Saturday 31 March 2018

How To Deal With A Teenager Broken Heart

By William Fox


Without a doubt, almost everyone gets heartbroken at some point in life. Some choose to shrug off the experience as normal while others get into an extended state of emotional distress, more so those still in their teens. This article is a guide for those parents wondering how to engage a teenager broken heart.

It may be significantly hard to get through to a teen experiencing his first breakup. Owing to the lack of experience, he may not know how to go about it and may even resort to harming himself if not counseled accordingly. The trick is to let him know that while the pain may be unbearable, things always change for the better.

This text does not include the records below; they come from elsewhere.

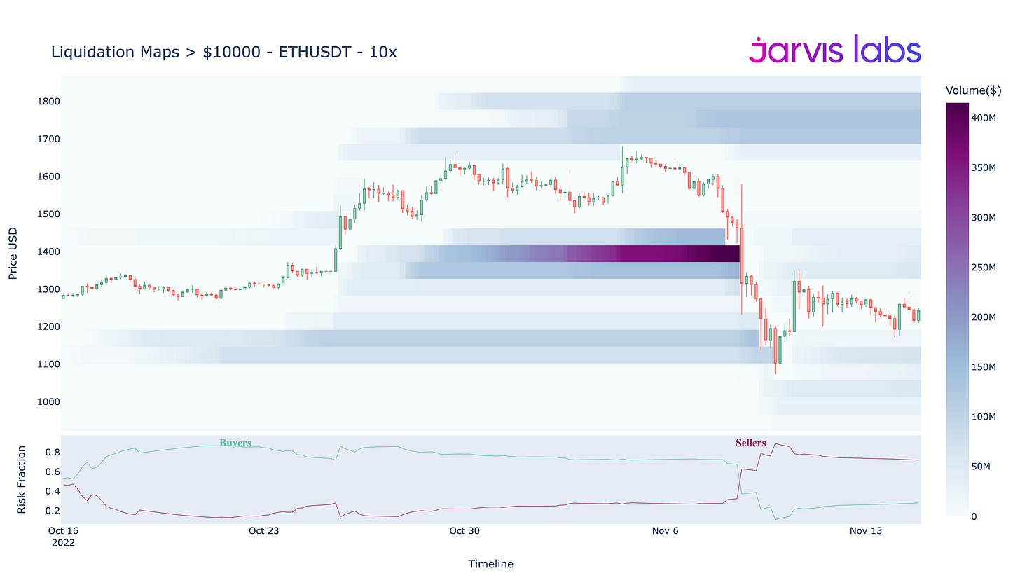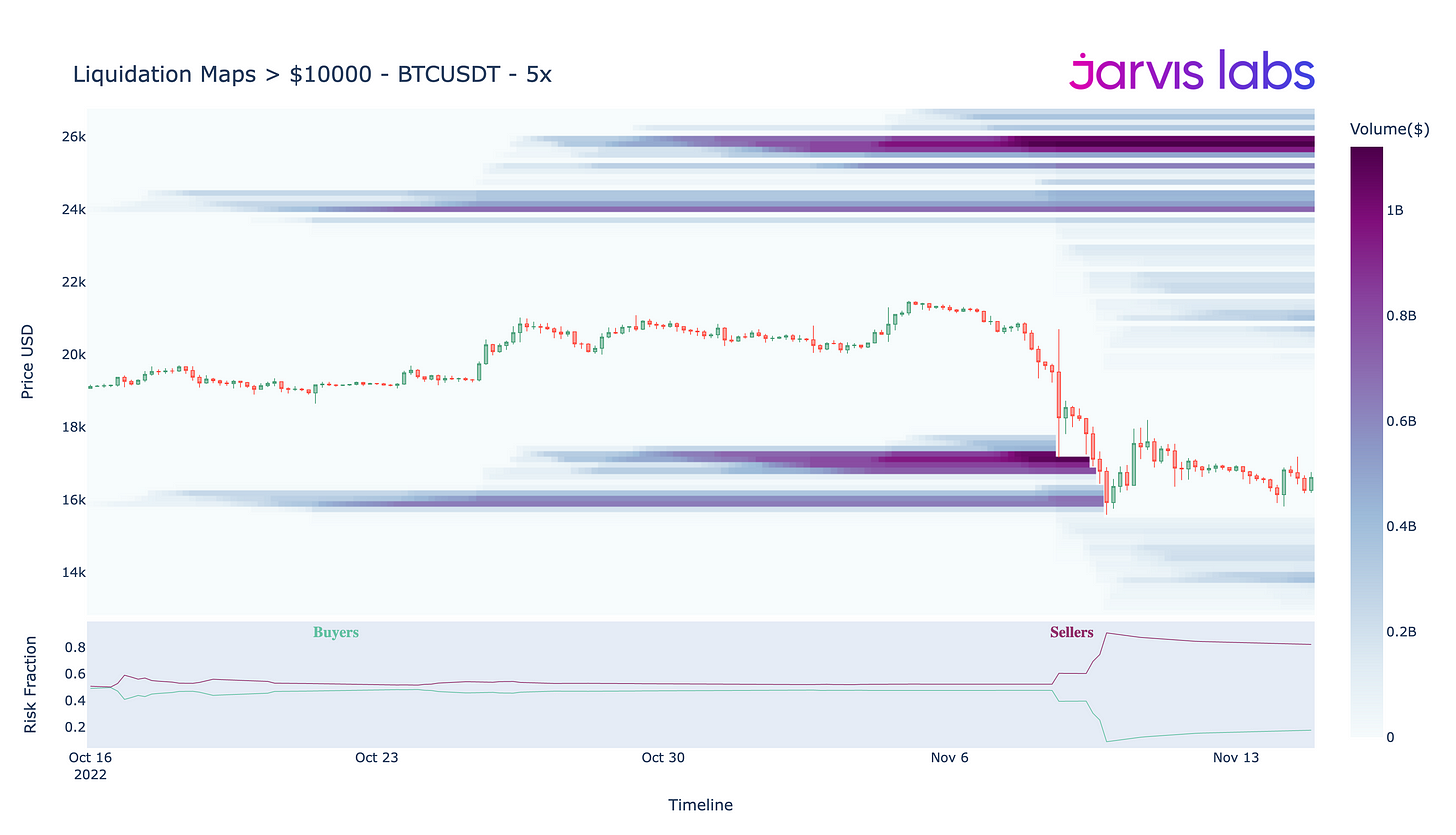 下图显示了BTC/USDT累计清算池,来自于用户在大于5倍杠杆的情况下交易价值超过1万美元的合约。
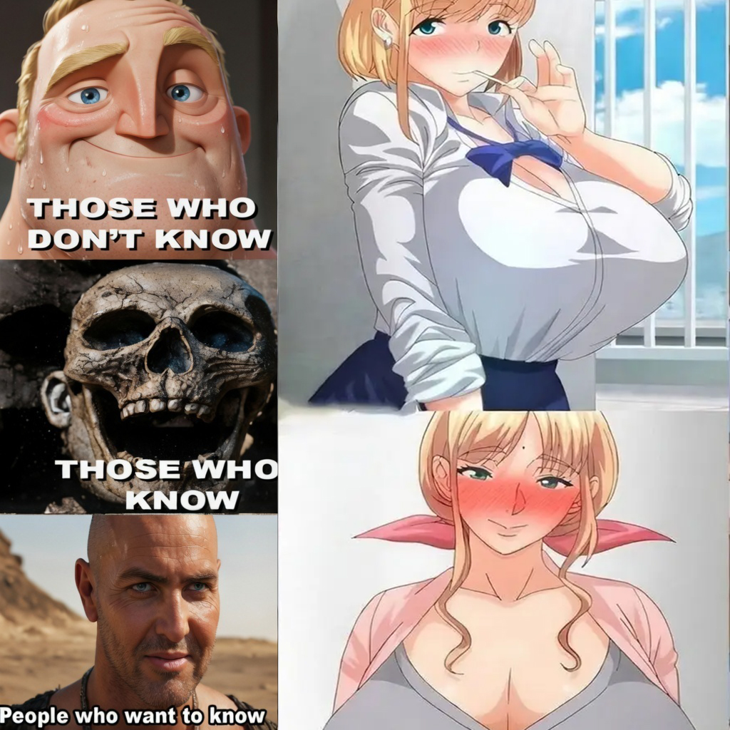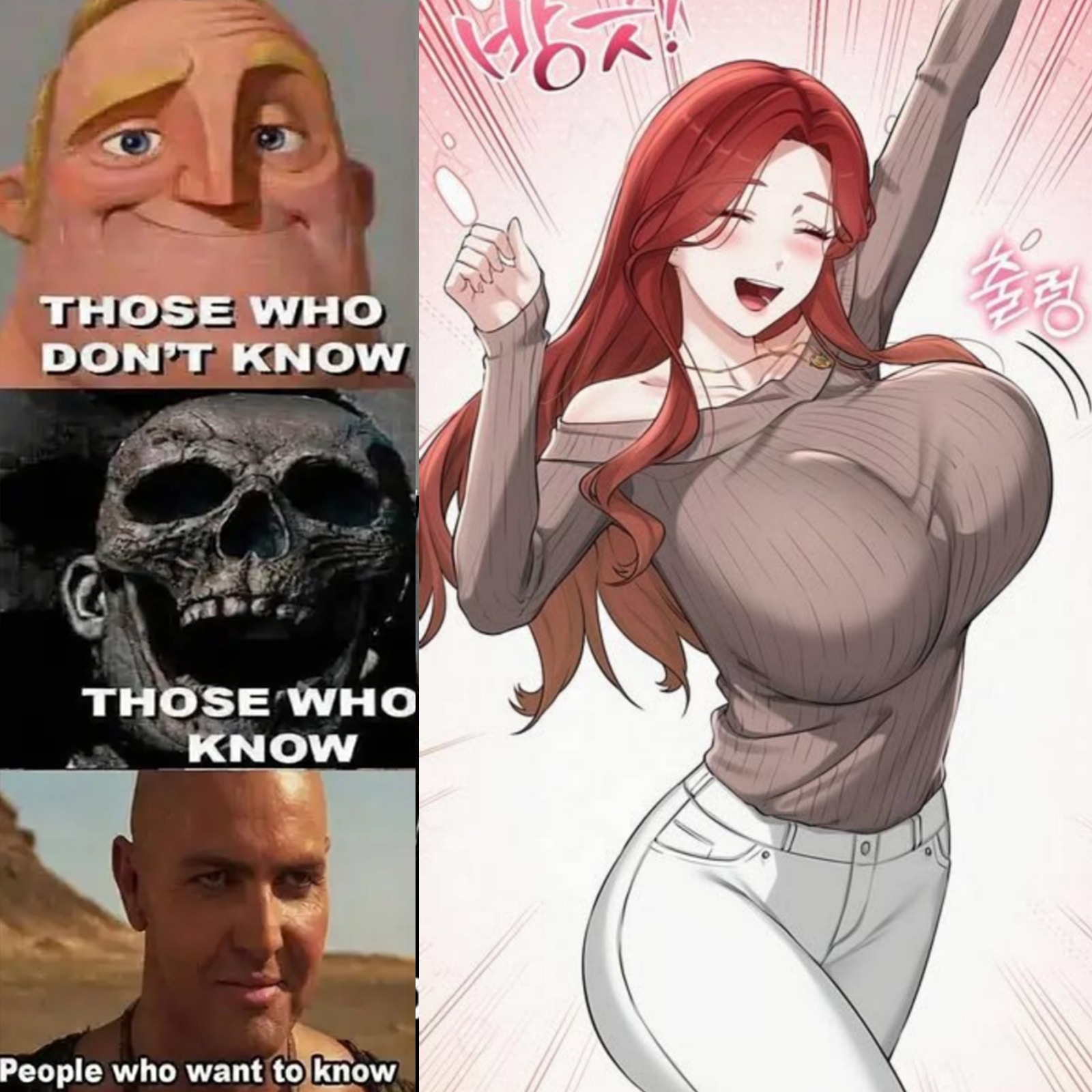 A composite image is presented, featuring a three-tier meme structure on the left side and a panel from an illustrated series on the right. The top left features an illustration of a smiling man with the caption “THOSE WHO DON’T KNOW.” The middle left shows a close-up of a skull structure with the caption “THOSE WHO KNOW.”
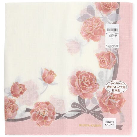 ヒビヤカダン 大判 プリントハンカチ(58cm)バラとリボン 【日比谷花壇】
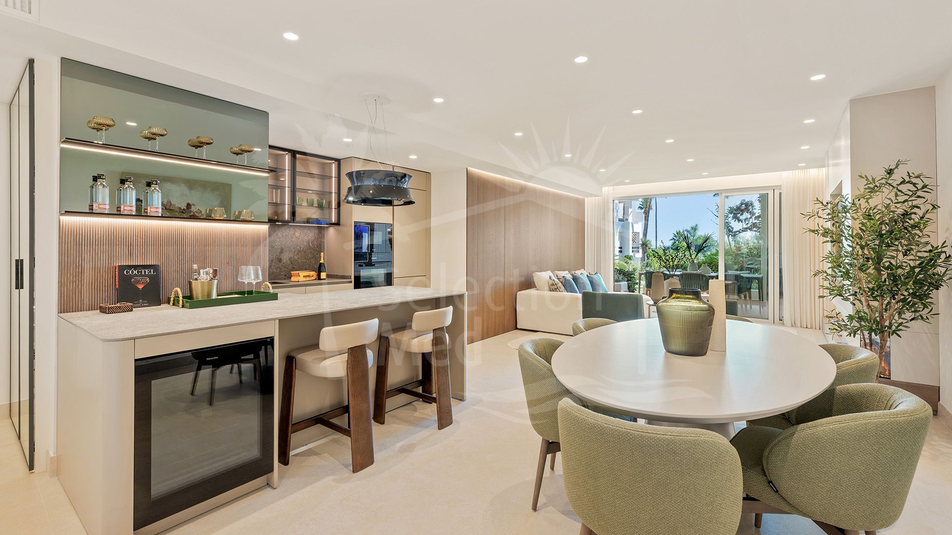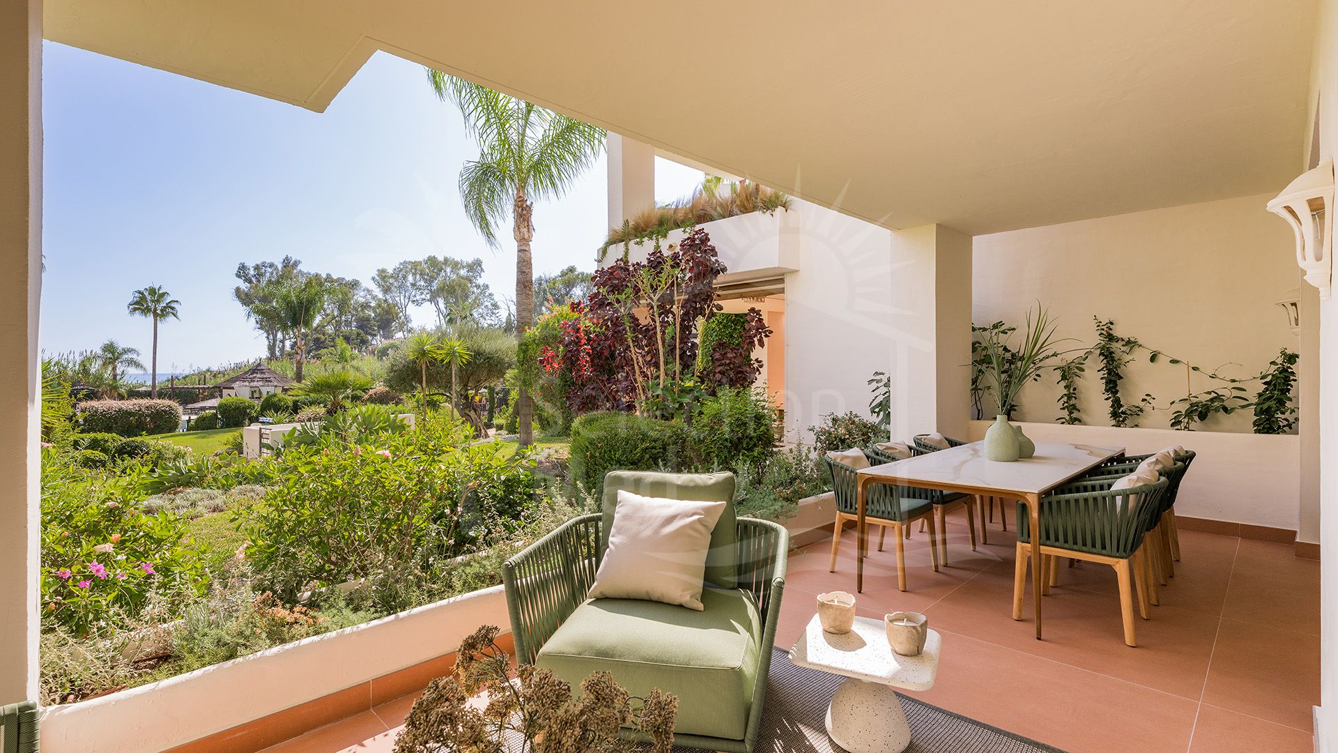 This elegant ground-floor residence combines comfort, style, and a relaxing atmosphere. From the apartment you can step directly onto a spacious private terrace that opens onto the community’s lush gardens, creating a seamless indoor-outdoor living experience. The tranquil surroundings of the complex make it an ideal place to unwind while still being close to the vibrant coastal lifestyle.
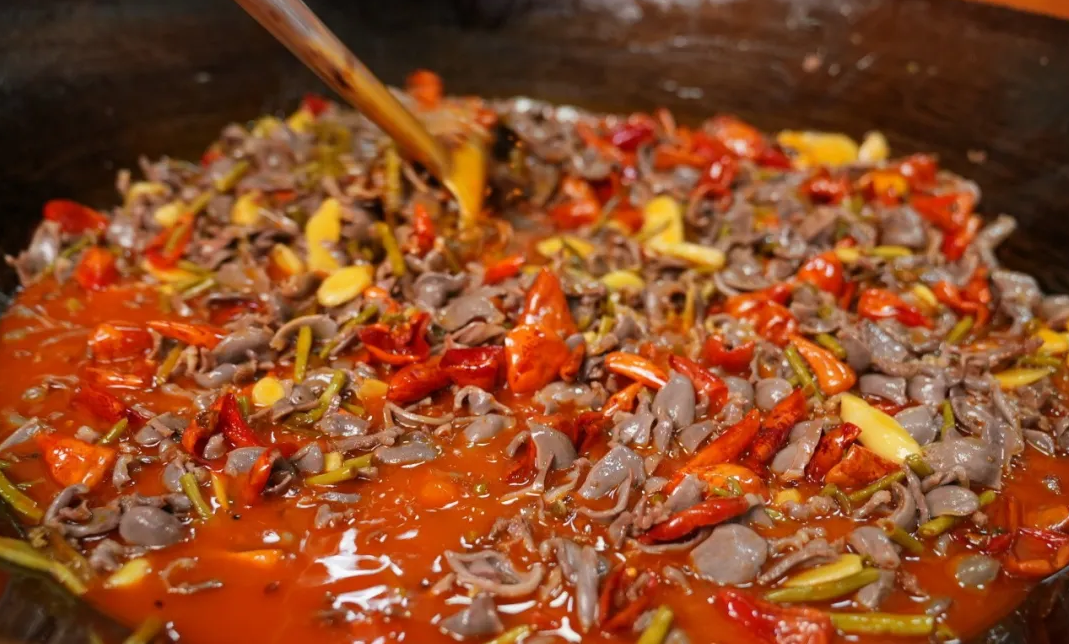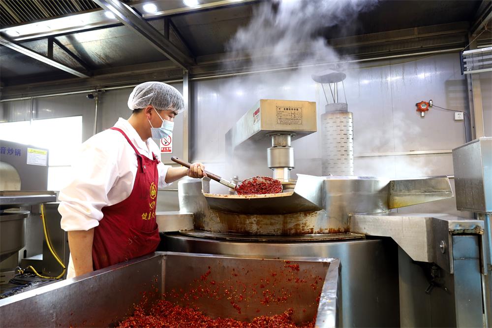 近日,记者走进四川川味里食品有限公司生产车间,扑鼻而来的就是一阵麻辣与牛油的醇厚鲜香,自动化炒料机器运转不停,香料、辣椒在油锅里不断翻转,数名工人正在操作台前忙碌,现场一派繁忙景象。
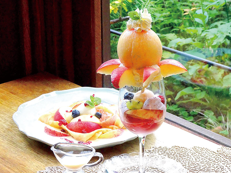 夏に推す一品…モモが一つ丸ごと鎮座「桃の王様パフェ」 鶴ケ島・グリーンフィンガーカフェ 「王様」と「お姫様」を名に、季節の果物のスイーツを提供
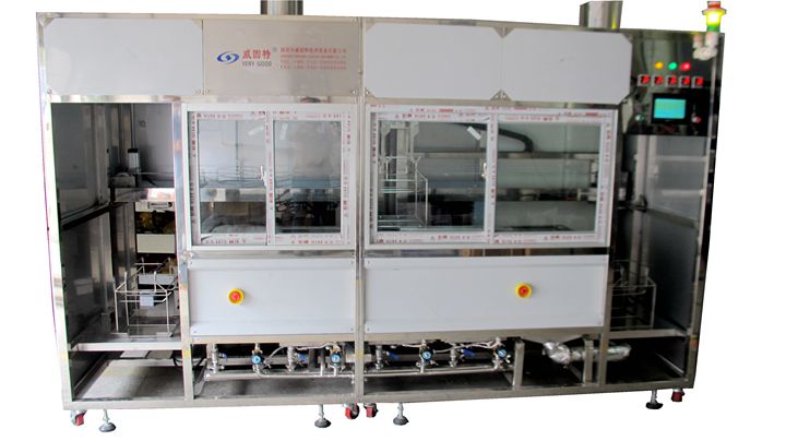 深圳威固特全自動硅襯底LED超聲波清洗機該清洗機是專為硅襯底LED清洗而設計的超聲波清洗設備。整個工藝流程使用PLC編程控制,可根據清洗工藝要求,靈活設置動作參數。

The rule of thumb as a parent is to be cognizant of the fact that males and females react differently to breakups. Boys have an inherent tendency to keep things bottled up and avoid speaking about their experiences. Girls, on the other hand, are always open to talk.

One of the biggest mistakes that parents make is downplaying the love experiences of their young ones. A loss that may appear simple or mundane to you can have a tremendous impact on the psychological wellbeing of your child. As he may be inexperienced in love matters, the resulting emotional unrest may even make him resort to suicide or drug abuse as an escape strategy.

Telling a heartbroken teen that he will meet someone new may actually do more harm than good. The best way to go about it is to approach the situation with some sense of empathy. You want to give him ample time to go through the grieving, albeit while monitoring him. It would also be prudent to spend time listening to him.

You might want to avoid dwelling on the incident that as happened. At the same time, do not avoid talking about it altogether. What you should do is let your child come to you to converse. You do not want to force him to do that. For most teens, this happens naturally after a little grieving.

Parents can always strengthen the relationships with their children through trust. One trick to earning trust is conversing about similar experiences. This way, you help get the person out of feeling isolated and show that you understand what he is going through. Valuable life lessons are learnt through experience. All the while, ensure your tone remains non confrontational.

The worst thing you could do is try to contact the individual who is responsible for the heartbreak. You want to steer clear of that path, including getting in touch with the parents. Inculcate a sense of independence in your child. If you confront the other party, you may end up aggravating the situation.

For some teens, the healing process takes a while. What you should watch out for is depression. You should to prevent the individual from slipping into this state as much as you can. Classic signs of depression are isolation and mood swings. If you notice these signs, you should engage a professional counselor.